In 1916 Lever took over the Manchester firm of H. Watson & Co., which had a fleet of eight vessels, with names derived from villages in Cheshire and Shropshire: Colemere, Delamere, Eskmere, Flaxmere, Linmere, Oakmere, Rabymere and Redesmere. This small fleet, whose tonnages ranged from 1,251 to 2,293, was formed into the Bromport Steamship Company Ltd. – named after Bromborough, a town on the Wirral Peninsula that, like Port Sunlight, was dominated by Lever-owned businesses. It sailed under a new blue house flag, marked with a white star, the letters BSCL and a central L for Lever.

In the two remaining years of the First World War the Bromport Line lost half of its ships (Colemere, Eskmere, Redesmere and Delamere) to German U-boats.

In 1918 the twin-screwed vessel SS Kulambanga, owned by Lever's Pacific Plantations, was added to the fleet. In February 1920 Lever acquired the Royal Niger Company, just in time for the West African trade bubble to burst (the price of palm kernel oil fell from £115 per ton in Feb 1920 to £55 per ton in July 1920). In 1923 Lever Brothers decided to cut their losses and withdraw from deep sea shipping.
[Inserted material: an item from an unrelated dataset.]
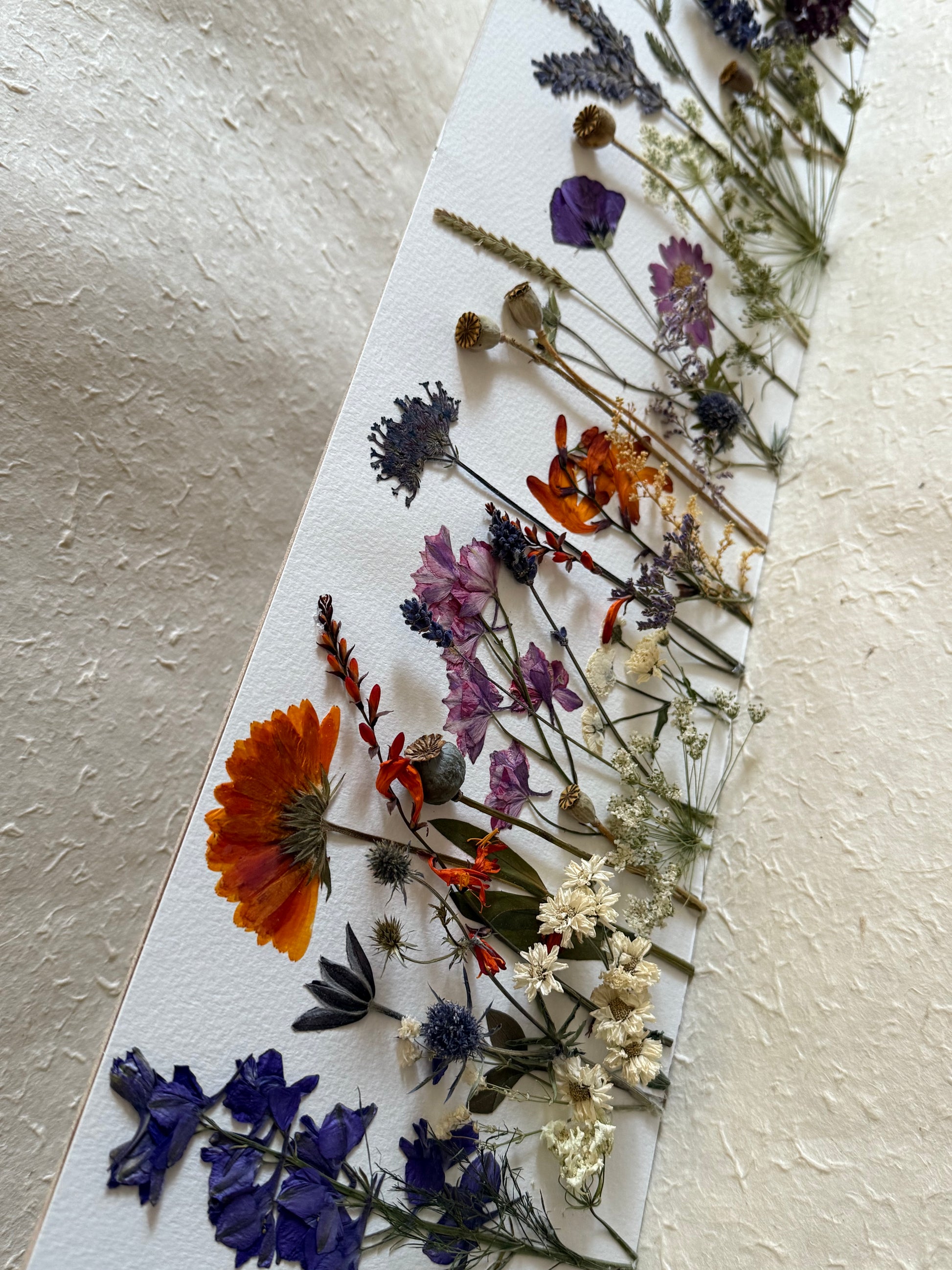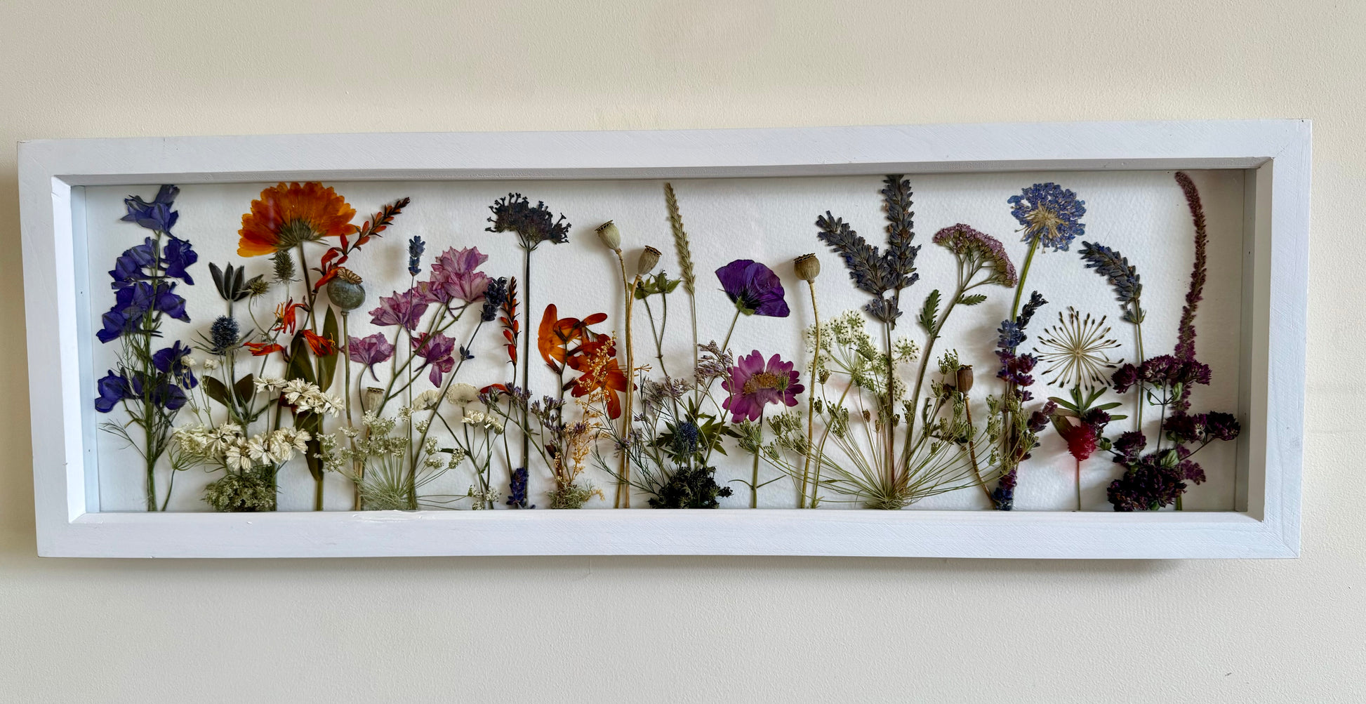 Discover 'Summer Meadow' - a stunning botanical artwork handcrafted by Jeanette using organically grown, seasonal Scottish flowers from our own flower field. Each piece captures the essence of a vibrant summer meadow through carefully slow-pressed stems and traditionally dried flowers, creating a captivating 3D effect that brings nature's beauty into your home.

In 1923, African & Eastern had formed a fleet of its own. It included a Scandinavian steamer that was renamed Ashantian, the steamship that was bought from the Southern Whaling and Sealing Company, and a steamer that was renamed Ethiopian. Oakmere was sold to MacAndrews & Co Ltd, Manchester and renamed Bazan. She was subsequently sold on in 1936 to Westcliffe Shipping Co Ltd, London and renamed Thorpehall. She was bombed and sunk off Valencia on 25 May 1938 in the Spanish Civil War.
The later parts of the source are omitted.